For this reason, the benchmark involves training the models before comparing them (rather
than
simply benchmarking models previously trained somewhere else).
There is already some application-specificity involved in choosing for how long to
train the model - usually, we want to compare best-performing models, which means training
each
model for as long as it reasonably keeps converging. But if low training time is essential
(e.g.
for fast re-training), one could also choose to train all models for equal amounts of time
or an
equal number of epochs.
Configurations
In the following paragraphs, you can find detailed explanations on the config settings and how they are relevant for the training. For an easy way of making a config file that conforms to the requirements of the benchmark, head over to our Config Maker!
The training of the models is configured in the config.yaml
file (even more details
on the config here).

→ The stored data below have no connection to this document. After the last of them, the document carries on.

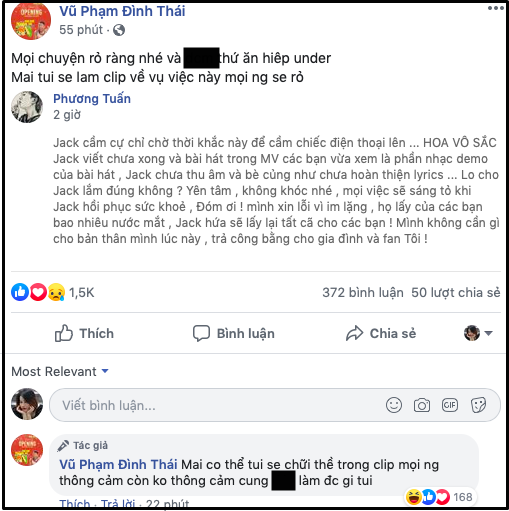 Khi lùm xùm về mối quan hệ bất hòa giữa Jack và K-ICM chưa có dấu hiệu ‘hạ nhiệt’ thì mới đây Thái Vũ FAPtv – một người anh thân thiết với Jack đã ẩn ý lên tiếng. Theo đó trên trang cá nhân, Thái Vũ chia sẻ lại bài đăng của Jack kèm dòng trạng thái: “Mọi chuyện rõ ràng nhé, mai tui sẽ làm clip về vụ việc này, mọi người sẽ rõ”.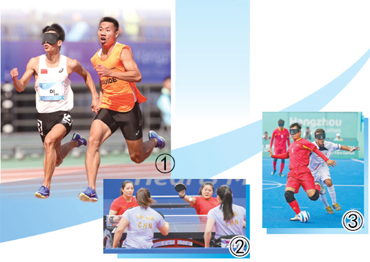 杭州亚残运会赛场上,像陈圣明这样的竞赛辅助人员还有很多。田径项目中的领跑员、引导员,自行车项目中的领骑员,盲人足球队中的守门员……赛场内外,残疾人和健全人互相激励,携手向前。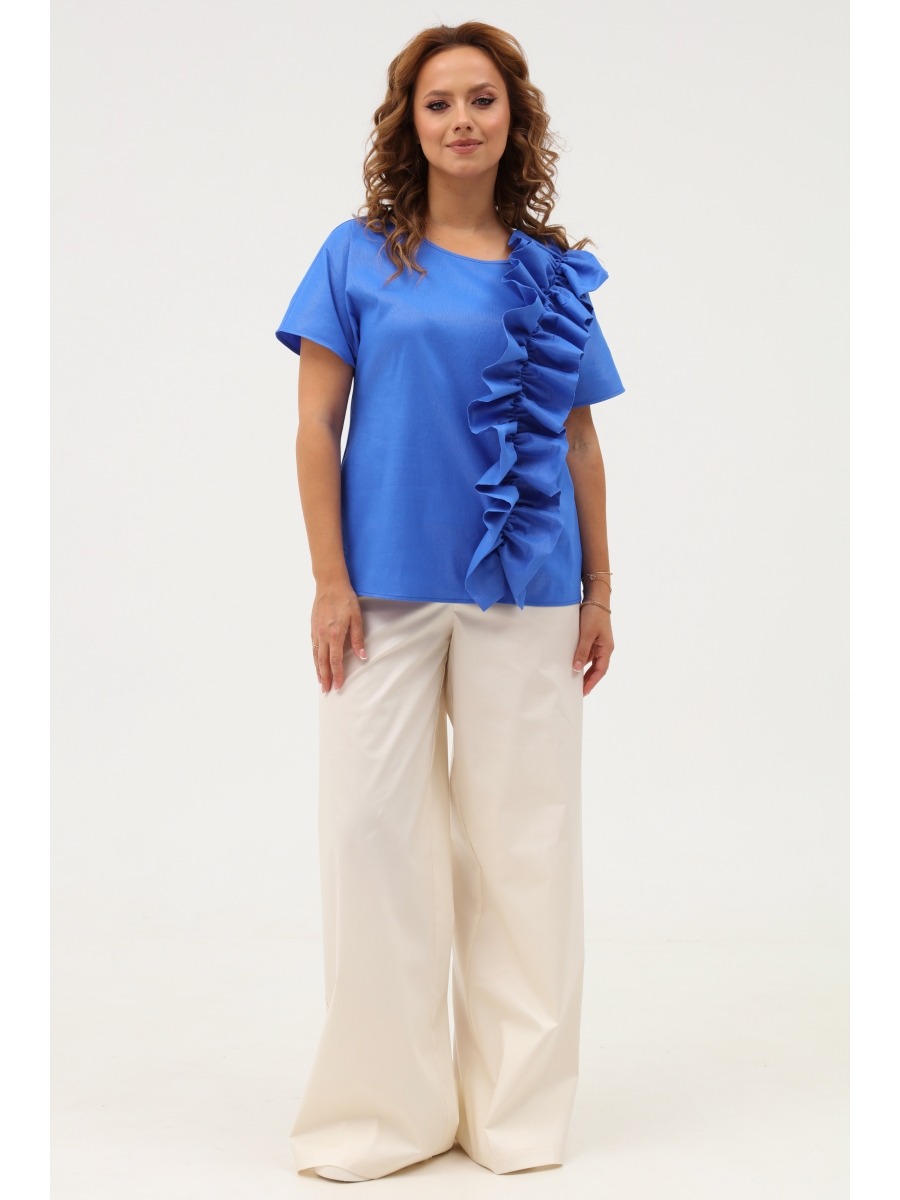 Брюки широкие прямые с высокой посадкой, на поясе со вставками из эластичной тесьмы. В боковых швах имеются функциональные наклонные карманы.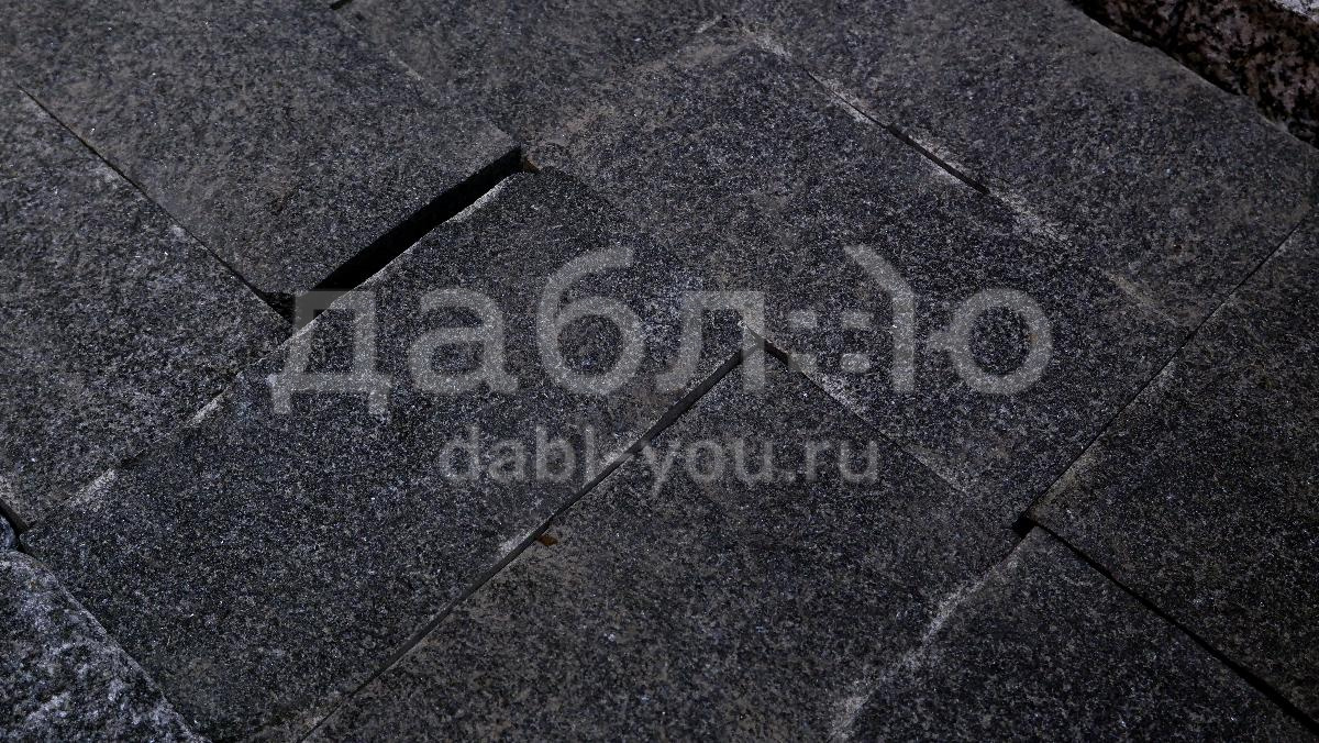 Гранитная брусчатка Габбро-диабаз пилено-колотая 100x200x50 мм (пиленые 5 граней, верх колотый). Гранитная брусчатка черного цвета применяется для мощения парковок и дорожек.- Цена при отгрузке позиции со склада в Санкт-Петербурге!

A benchmark run is identfied by a
training_id
. The surrogates
to be included in the benchmark can be
provided in the form of a list of strings, where the strings must match the names of the
surrogate classes (e.g. ["FullyConnected","DeepONet"]
).
The epochs
and batch_size
parameters are used to specify the number of
epochs to train the models and the batch size to be used during training, hence one value per surrogate is required. They should be provided as a list of integers, where the ordering corresponds to that of the names of the surrogates. The benchmark
will train each model for the specified number of epochs and with the specified batch size.
The name
of the dataset to be used is
specified in the
dataset
section, along with the option to log-transform
the data, specify how to
normalise
it, whether to use_optimal_params
that were determined in previous hyperparameter tuning
and which tolerance
to use for small values.
The device
parameter specifies the device(s) to be used for training. They can be
specified as a list of strings (e.g. ["cuda:0","cuda:1"]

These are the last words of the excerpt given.